Finally, the Court found it would be implausible to suppose that the First Congress wanted to make the United States a "uniquely hospitable forum for the enforcement of international norms."

The Court noted that all conduct at issue in the case took place outside the United States and that "it would reach too far to say that mere corporate presence suffices" to displace the presumption against extraterritoriality, unless Congress determines otherwise in a statute more specific than the ATS.

===Concurrences===
Justice Kennedy separately wrote a one-paragraph concurrence noting that the presumption against extraterritorial application "may require some further elaboration and explanation."

Justice Alito, joined by Justice Thomas, agreed that the statute does not apply extraterritorially and argued that it should be read to apply to only the international law violations that had been identified by William Blackstone in 1769: violation of safe conducts, infringement of the rights of ambassadors, and piracy.

Justice Breyer, joined by Justices Ginsburg, Sotomayor and Kagan, concurred with the judgment but rejected the Court's reasoning. The four justices did not believe that the presumption against extraterritoriality applies to the ATS. Instead, the concurrence sees ATS jurisdiction as limited to when the tort occurs on American soil, the defendant is an American national, or when there is an important American national interest like not providing safe harbor to hostis humani generis, or the common enemy of mankind.

Breyer first attacks the majority's view that the presumption is not rebutted. He notes that while the majority sees the ATS as applying to piracy on the high seas, piracy necessarily occurs aboard a ship and so is considered to occur within the territory of the ship's flag state. He then outlines the long history of an international duty to not provide safe harbor to hostis humani generis, or the common enemy of mankind.

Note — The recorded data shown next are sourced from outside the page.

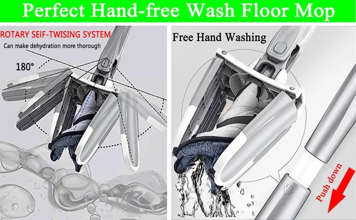 শুধু হ্যান্ডেল ওপরে–নিচে চাপ দিলেই মপ নিজে নিজে ধুয়ে নেয় এবং পানি বের করে দেয়।
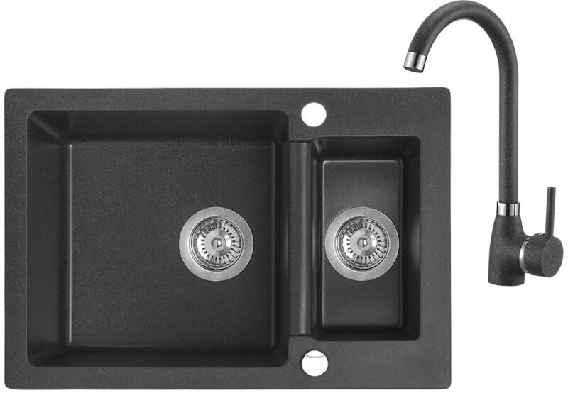 Laveo Celia, 1,5 kamrás gránit mosogató 650x440x195 mm + mosogató csaptelep U alakú kifolyóval, fekete, LAV-SJCA730T Gyártó: Laveo Sorozat: Celia Típus: 1,5 kamrás gránit mosogató + magas mosogató csaptelep Fekete szín Felület: matt, finom kőszerkezet Hossz: 650 mm Szélesség: 440 mm Magasság: 195 mm A nagy kamra mélysége: 170 mm / a kisebb kamra mélysége: 130 mm Min. széles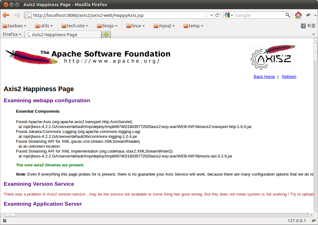 [INFO] [SimpleAxisServer] Started[SimpleAxisServer] Started[INFO] Listening on port 8080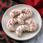 Five crescent-shaped cookies dusted with white powder are placed on a white plate, each cookie decorated with smooth white icing drizzled on top in wavy lines. Small bright red pieces are sprinkled across the icing, adding a pop of color. The plate is set on a white marbled surface with a red cloth and a fabric with red, green, and white plaid patterns nearby. The overall look is festive and inviting. photo taken with an iphone --ar 4:5 --v 7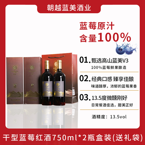 干型蓝莓红酒750ml*2瓶盒装(送礼袋)

He then reviews thirty years of U.S. Court of Appeals cases holding for extraterritorial application of the ATS. The concurrence takes issue with the majority's characterization of the ATS as "uniquely hospitable" by noting that many countries permit extraterritorial suits, citing Dutch, English, International Court of Justice, and European Commission sources. The Court's concern on unwarranted judicial interference in the conduct of foreign affairs is rejected by Breyer, who notes US obligations under the Convention Against Torture, the third Geneva Convention, the International Convention for the Protection of All Persons from Enforced Disappearance, and several other treaties.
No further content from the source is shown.